January 2007 Archives

Microsoft to implement XSLT 2.0

| No Comments | No TrackBacks | , ,

Now it's official, from the Microsoft XML Team:

Our users have made it very clear that they want an XSLT 2.0 implementation once the Recommendation is complete.   A team of XSLT experts is now in place to do this, the same people who have been working on  the XSLT enhancements that will be shipped in the forthcoming "Orcas" release of Visual Studio / .NET 3.5.  Orcas development work is winding down in advance of Beta releases over the next several months, so there is no possibility of shipping  XSLT 2.0 in Orcas.   The XSLT team will, however, be putting out Community Technology Previews (CTP) with the XSLT 2 functionality and appropriate tooling as the implementation matures.  The eventual release date and ship vehicles (e.g. a future version of .NET or a standalone release over the Web) have not been determined, and depend on technical progress, customer demand, and other currently unknowable factors. 
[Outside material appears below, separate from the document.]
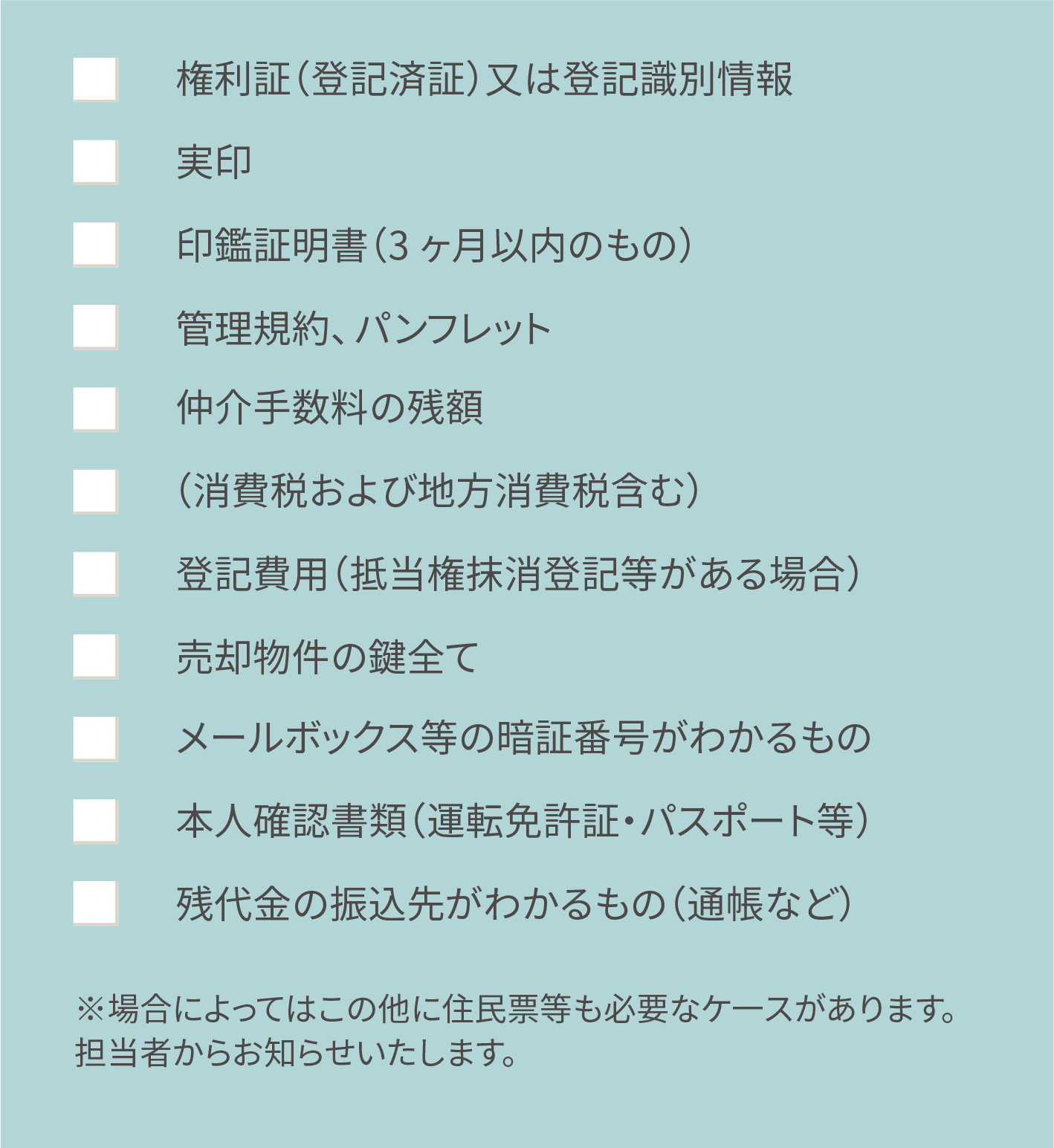 売却物件に住宅ローンの残債がある場合、金融機関の抵当権が設定されていたら、抵当権を抹消する手続きが必要となり、そのためには金融機関との事前手続きが必要となります。手続きには時間がかかりますので、必ず事前に借入先金融機関にお問い合せください。

Good. Very good news for those who invested in XSLT. XSLT 2.0 is sooooo much better,so much easier to develop with language. And I'm sure this new Microsoft XSLT 2.0 engine is gonna rock.

PDF to be ISO standard too

| 3 Comments | No TrackBacks |

Today's news from Adobe:

SAN JOSE, Calif. — Jan. 29, 2007 — Adobe Systems Incorporated (Nasdaq:ADBE) today announced that it intends to release the full Portable Document Format (PDF) 1.7 specification to AIIM, the Enterprise Content Management Association, for the purpose of publication by the International Organization for Standardization (ISO).

Looks like everybody nowadays wants to be open and ISO standardized. ODF is already ISO standard, OOXML on the way and now PDF joins the club.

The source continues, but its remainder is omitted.